Within Windows-based Active Directory domains, each domain controller is a peer server. Each domain controller has equal power and responsibility to support and maintain the Active Directory database. It is this database that is essential to the well-being and existence of the domain itself. This is such an important task that Microsoft elected to make it possible to deploy multi-redundant systems to support Active Directory by making each domain controller a peer.

Whenever a change occurs to any object within an Active Directory domain, that change is replicated automatically to all domain controllers within the domain. This process is called multi-master replication. Multi-master replication does not happen instantly across all servers simultaneously. Rather, it is a controlled process where each domain controller peer is updated and validated in a logically controlled procedure.

As an administrator, you have some control over how multi-master replication occurs. Most of your control is obtained through the use of sites. A site is a logical designation of domain controllers in a network that are all located within a defined physical area. In most cases, sites control traffic over high-expense low-bandwidth WAN links. When a domain exists on two or more sites, normal Active Directory replication between the domain controllers in different sites is terminated. Instead, a single server within each site, labeled as a bridgehead server, performs all replication communications. You can configure this bridgehead server for when replication is allowed to occur and how much traffic it can generate when performing replication.

You can use sites to control replication even if you do not employ WAN links on your network. Sites effectively give administrators control over how and when AD multi-master replication occurs within their network.

Active Directory replication topology design

One of the secrets to an efficient and error-free Active Directory infrastructure is a well-designed replication topology. While this can be easy to design in a simple network, a large, complex network presents a challenge. Designing the AD topology efficiently is to construct it so that it takes advantage of the strengths and minimizes the weaknesses of the network. In a complex network, you are likely to have a number of different link speeds connecting remote sites.

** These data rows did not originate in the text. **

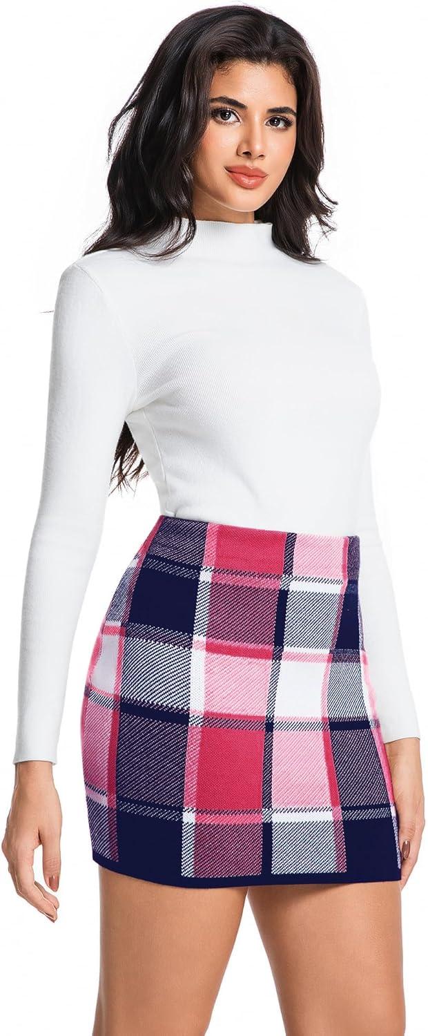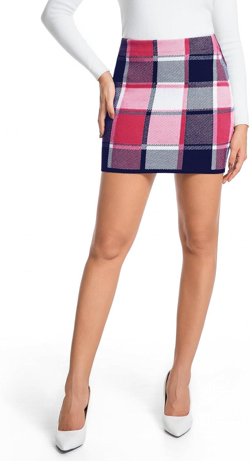 IDEALSANXUN Womens Plaid Mini Skirt Fall Winter High Elastic Waist Short Pencil Skirt(A Pink)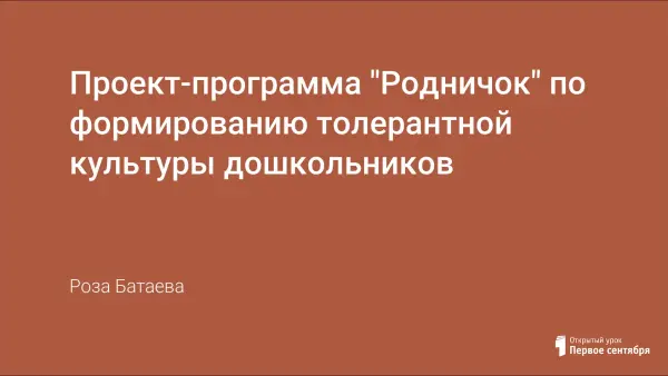 Цель проекта: формирование основ толерантной культуры личности дошкольника, педагога и родителя; именно в дошкольном возрасте складываются основные этические инстанции, оформляются и укрепляются индивидуальные варианты общественного отношения к себе и другому.
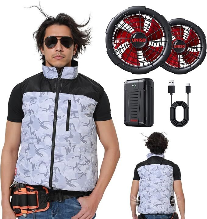 - 空調冷風服 最強ベスト冷風服 ファン付きベスト バッテリーセット 大風量 高出力 UVカット 体感-13°C L,迷彩ホワイト A651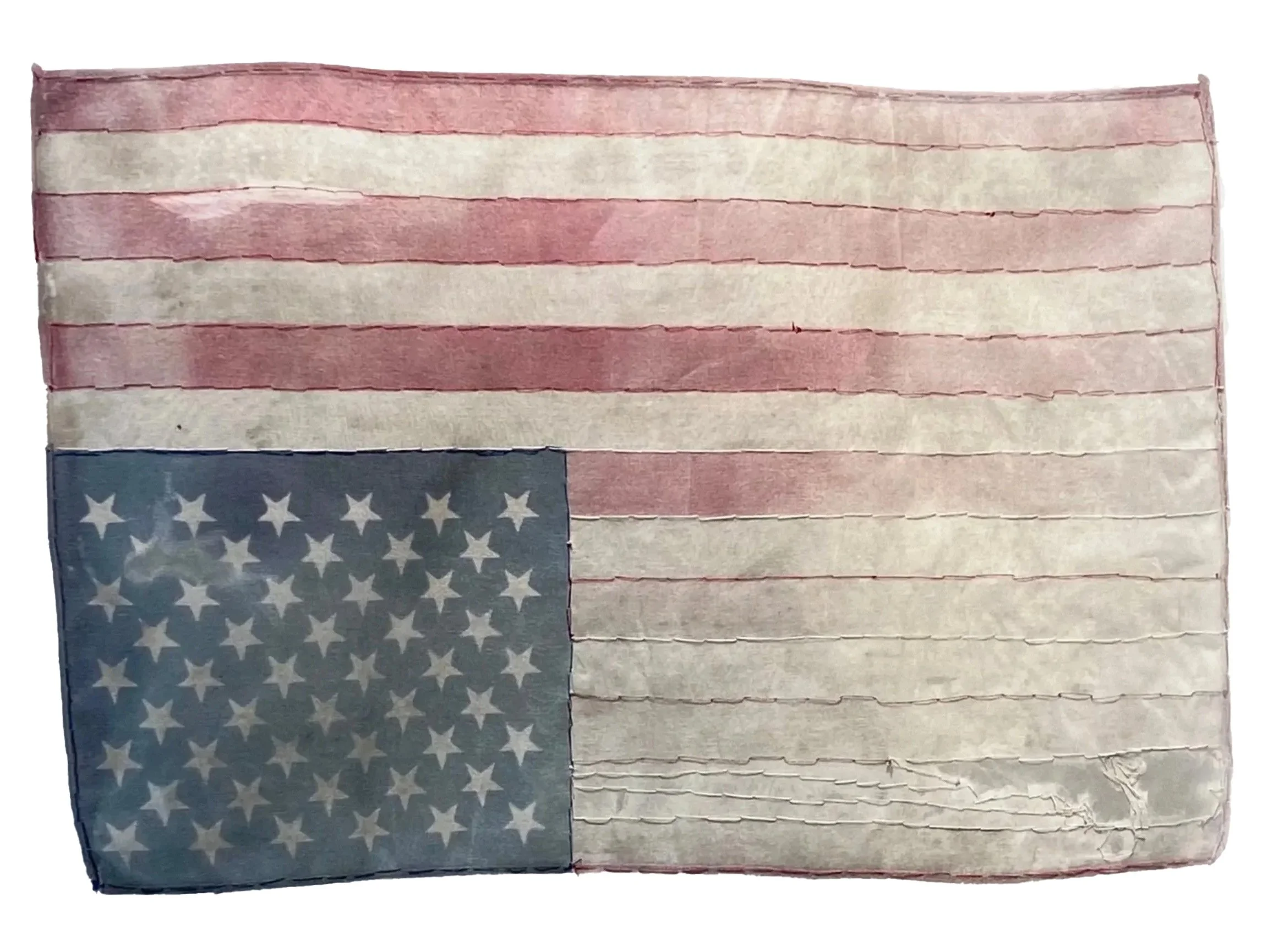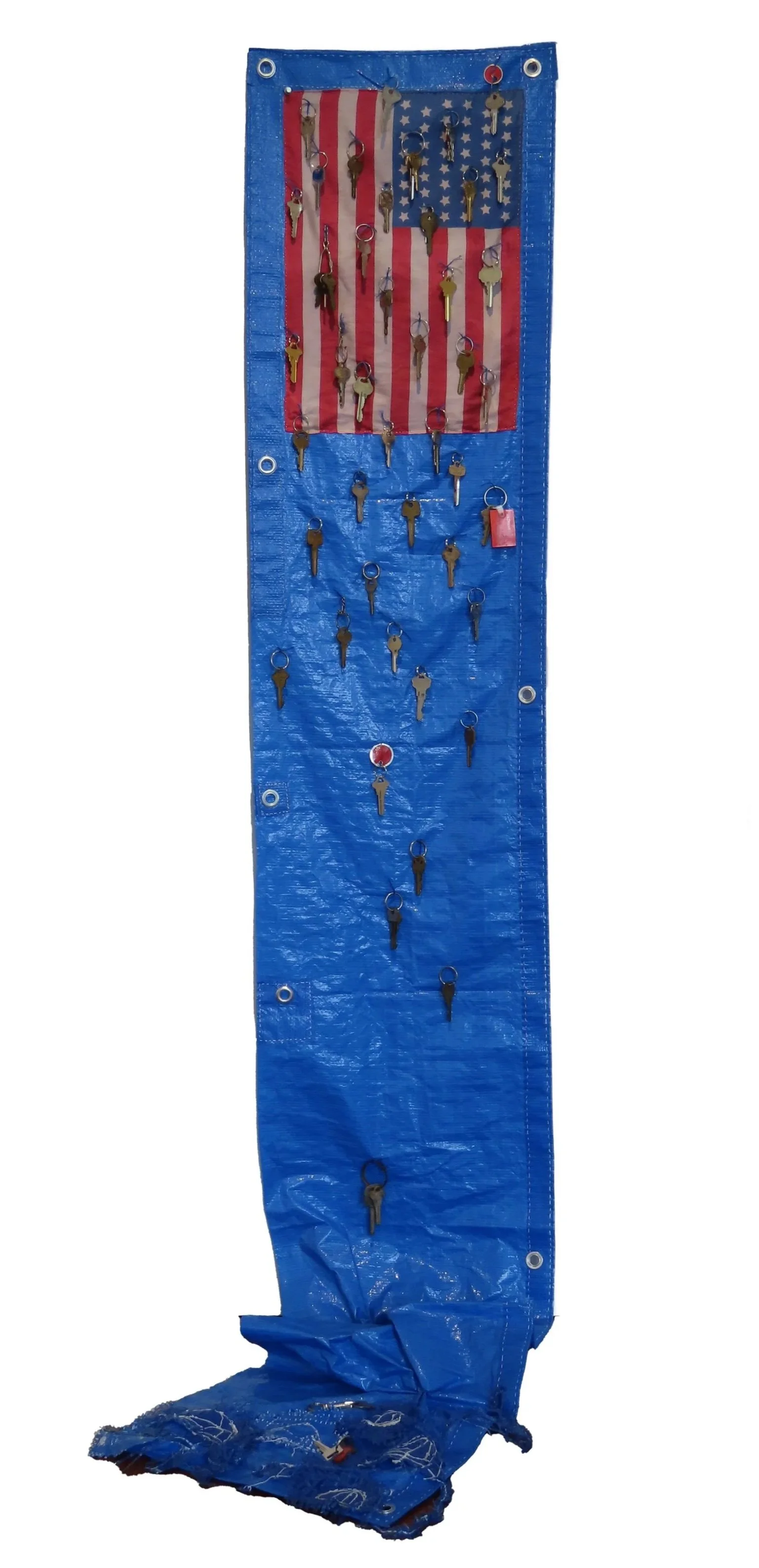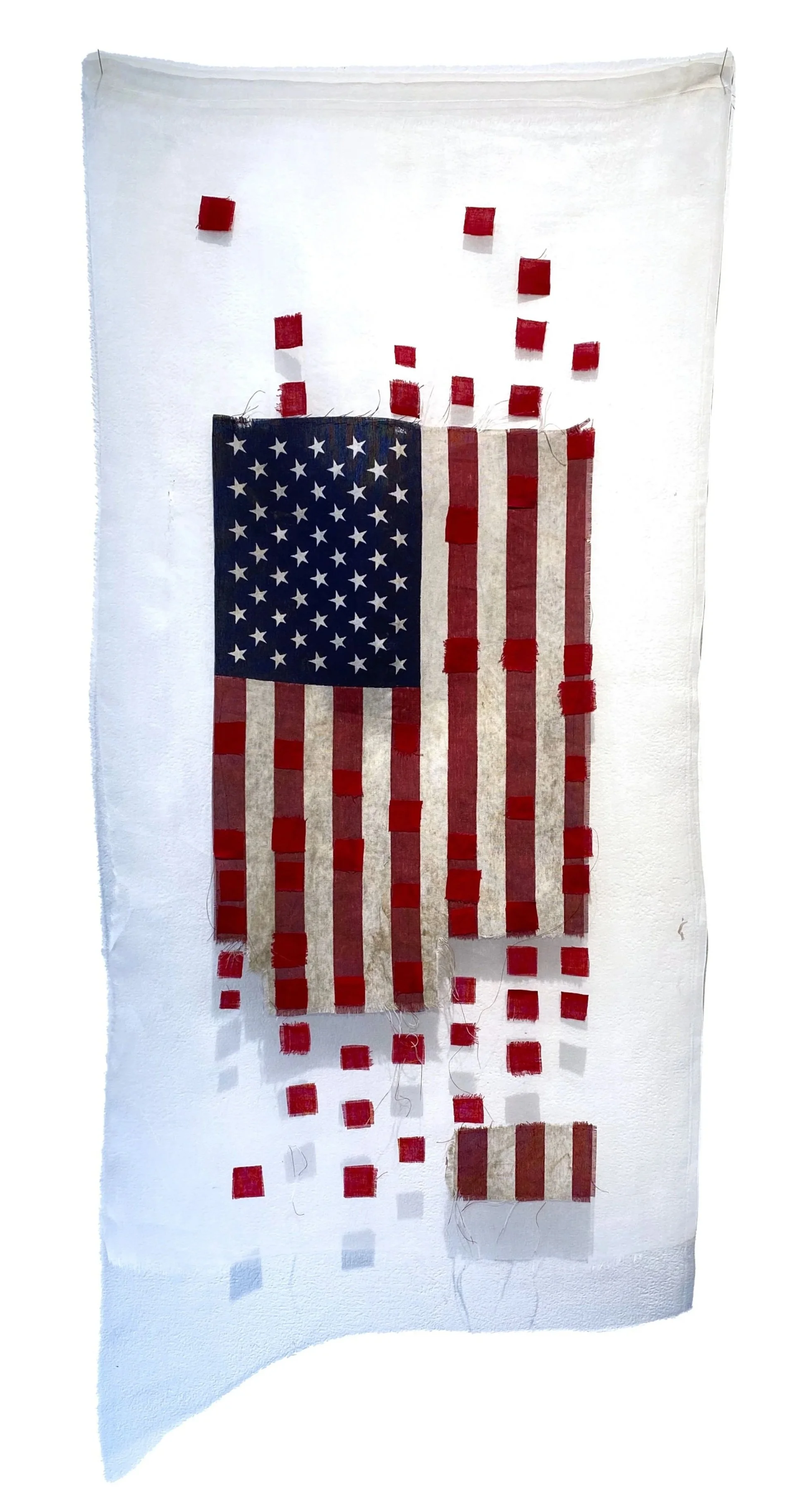 I began collecting discarded and found fragments of American flags after a wave of intense patriotism swept the nation following 9/11 in 2001. Flags were everywhere! The shredded and worn flags I discovered created a jarring contrast to the patriotism and pride they were meant to represent. I knew there was an important project using these found flags that I would eventually pursue. The symbolism and visual impact of these abandoned artifacts seemed to ask the question: who and what does the American flag actually represent?

The best practices for Active Directory replication design include:
  1. Design the AD topology to take advantage of the network topology and link speeds.
  2. Define lower speed links with higher cost site links. The cost of the links reduces as you get to faster areas in the topology.
  3. Avoid "dead spots" -- all sites must connect to each other eventually. I have seen some topologies that left certain sites isolated because they didn't design the site links to connect them.
  4. Site links should only have two sites per link. The exception to this is the Core site link which can have more. Defining more than two sites per link can result in unpredictable results when a DC failure occurs.
  5. Diagram the overall flow of replication (like the figures here). You can use sophisticated features available in tools like HP OpenView (see the example in Figure 3) or Microsoft MOM, or you can simply draw it in a PowerPoint slide as I did in Figure 2. You'd be surprised at how many errors you will find by making a drawing of the topology.
  6. Don't define scheduling unless you really have a good reason, and then you should test it thoroughly. Since you can schedule replication over the site link as well as the connection object itself, and since the resultant replication schedule is a merge of the two, you can end up with a schedule that prohibits replication. You also define replication frequency, which further complicates it. For instance, if you schedule the site links to replicate Monday through Friday from 8 a.m. to 6 p.m., and then have some connection objects that only replicate Tuesday and Thursday from 6 p.m. to 10 p.m., those connection objects will never replicate. Unless you have a very slow or limited network (such as VPN links), you should avoid this level of manual intervention.
  7. Run the AD in Windows 2003 Forest mode. This means all DCs are at Windows Server 2003, and all domains are running in Windows 2003 mode. This takes advantage of the new spanning tree and compression algorithms available in Windows Server 2003, as well as other features that make replication much more efficient than were available in Windows 2000.
  8. Monitor the AD. Once you get it in place, monitor it. One of the easiest ways to monitor it, outside of using Microsoft or third-party tools, is using the Repadmin tool and its "Replsum" option: Repadmin /replsum /bydest /bysrc /sort:delta. This will provide a nice, neat table of all DCs in all domains in the forest, telling you how long it has been for outbound and inbound replication (i.e. where each DC appears as a source and destination). Watching this over several days will give you a chance to find any holes in the topology.
Troubleshooting Active Directory replication

Replication should occur automatically. When it doesn't, the best solution isn't just to force Active Directory replication, but to check out the topology. If the replication topology has become unstable or misconfigured, it needs to be corrected before initiating a manual replication procedure.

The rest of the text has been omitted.